Records from a data source:

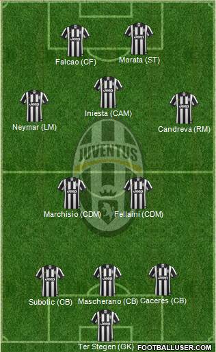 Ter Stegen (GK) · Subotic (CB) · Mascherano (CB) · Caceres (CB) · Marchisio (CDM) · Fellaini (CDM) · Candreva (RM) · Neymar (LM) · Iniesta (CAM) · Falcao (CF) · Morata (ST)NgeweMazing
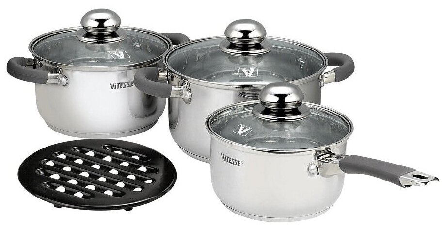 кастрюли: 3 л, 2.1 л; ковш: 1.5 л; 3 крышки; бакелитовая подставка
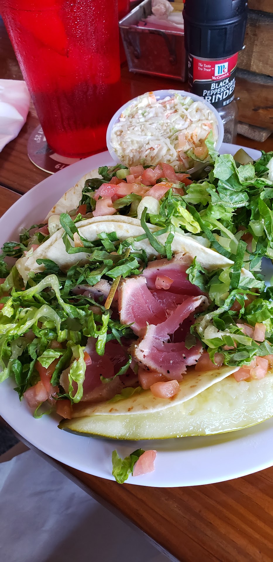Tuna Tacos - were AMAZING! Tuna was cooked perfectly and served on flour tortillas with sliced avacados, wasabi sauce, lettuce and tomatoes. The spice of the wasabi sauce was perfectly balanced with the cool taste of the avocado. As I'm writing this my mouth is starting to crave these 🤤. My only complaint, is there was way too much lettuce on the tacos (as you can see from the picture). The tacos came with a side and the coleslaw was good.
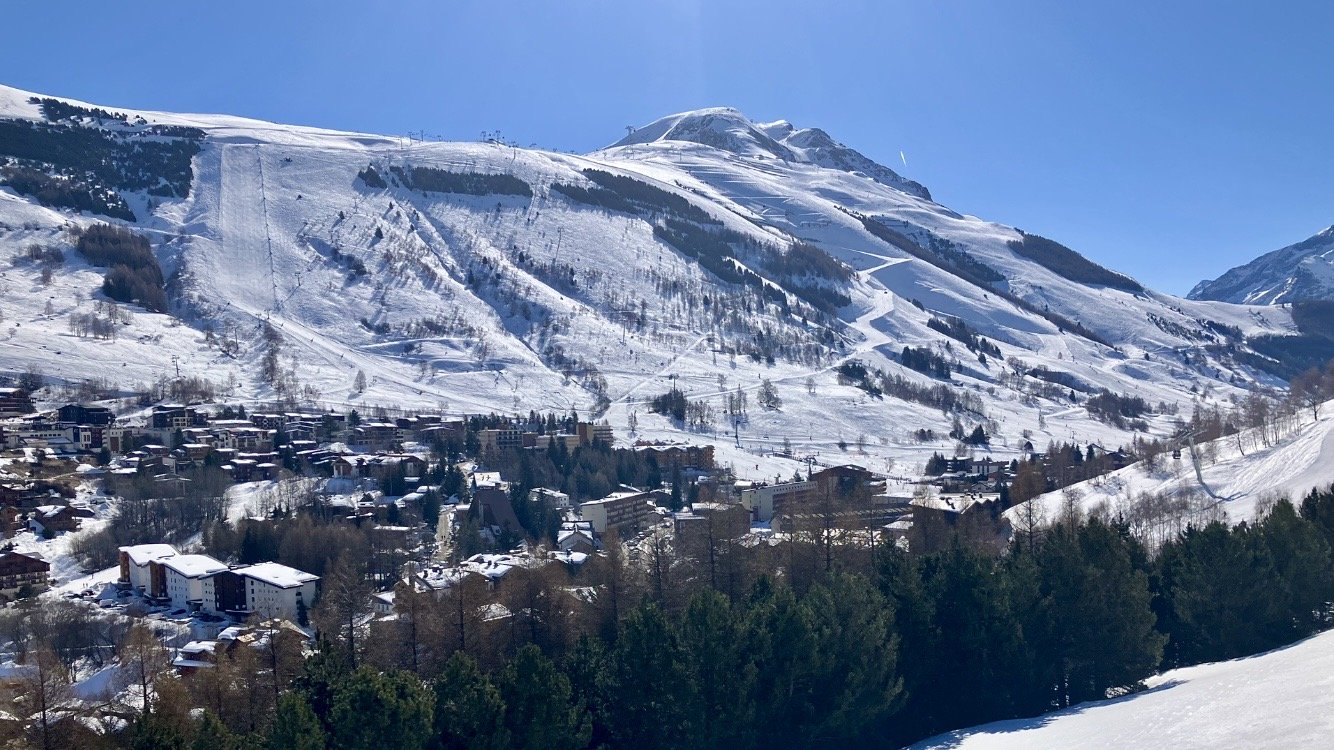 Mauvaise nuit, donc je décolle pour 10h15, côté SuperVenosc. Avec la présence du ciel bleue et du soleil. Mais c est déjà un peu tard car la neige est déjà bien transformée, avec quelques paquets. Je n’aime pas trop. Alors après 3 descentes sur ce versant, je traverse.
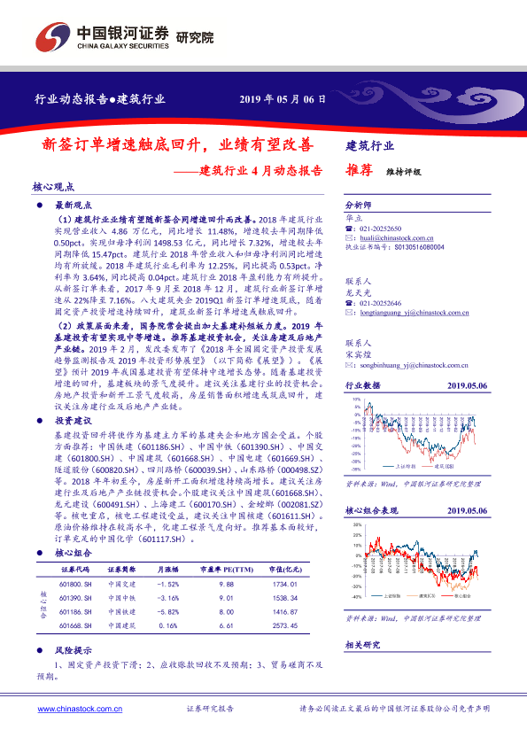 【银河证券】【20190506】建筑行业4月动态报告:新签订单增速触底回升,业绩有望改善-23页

TASK ITEM >>
With the pictures left out, restate word for word every line of the data above, from the first down to the line that contains "кастрюли: 3 л, 2.1".

RESPONSE AREA >>
 Ter Stegen (GK) · Subotic (CB) · Mascherano (CB) · Caceres (CB) · Marchisio (CDM) · Fellaini (CDM) · Candreva (RM) · Neymar (LM) · Iniesta (CAM) · Falcao (CF) · Morata (ST)NgeweMazing
 кастрюли: 3 л, 2.1 л; ковш: 1.5 л; 3 крышки; бакелитовая подставка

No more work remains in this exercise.